A simple autoencoder as illustrated above has the same limitation as PCA as it doesn’t utilize conditioned factor loadings. Like PCA, it only uses asset returns as input data to extract factors and doesn’t really bother with factor loadings. Hence, like the IPCA, a way to embed conditional estimates of factor loadings is needed, and GKX accomplishes this by adding a separate neural network alongside the autoencoder that specializes in factor loading estimations.

This is well illustrated in the figure provided below:

GKX autoencoder model — Autoencoder asset pricing model proposed by GKX (from Gu et al. (2021))

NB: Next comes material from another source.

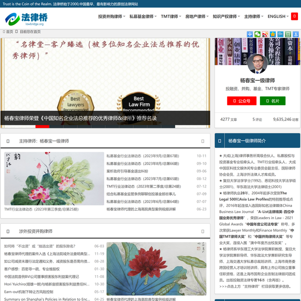 上海一級涉外律師楊春寶主持的專業(yè)法律咨詢網(wǎng)站,提供公司設(shè)立、并購重組、私募基金、外資并購、知識產(chǎn)權(quán)、房地產(chǎn)開發(fā)、TMT及電子商務(wù)等領(lǐng)域法律法規(guī)、法律論文、法律動態(tài)、法律咨詢、案例判例和法律顧問等律師服務(wù)。

The neural network on the left is the newly introduced network that is tasked with conditional factor loading estimations.

Note: unlike how an autoencoder was used to extract factors, the new network is an ordinary neural network and not an autoencoder. This is evident as the input layer of the network has different dimensions from the output layer.

The network conducts conditional factor loading estimates by using the “known” asset characteristics as input, performing the usual forward propagation, and outputing factor loadings as a $N \times K$ matrix of betas.

The neural network on the right side, then, must be the autoencoder that has and will be used for factor estimation. Yet, a modification is made to the autoencoder’s input layer for practical and interesting reasons.

Note: it must be noted that the autoencoder technically encompasses the following portion of the overall model:

As also shown in the illustration, the input layer undergoes a clustering process whereby asset returns are grouped into portfolio returns. GKX explains the modification stating the following reasons

To reduce the number if weight parameters that need to be calculated
To account for unbalanced/incomplete stock returns data (monthly availability of stock returns may vary widely)
To allow for conditional factor estimation (through grouping portfolios by certain asset characteristics)

While the first two reasons are for practicality, the third reason yields an interesting consideration. Through grouping assets by meaningful asset characteristic portfolios, it allows for conditional factor estimations to occur without the need for attaching an external dataset of asset characteristics to the autoencoder as the portfolio returns will have information of asset characteristics embedded within them. Interestingly, this turns a once conditional problem with static asset returns into a static problem with conditional portfolio returns.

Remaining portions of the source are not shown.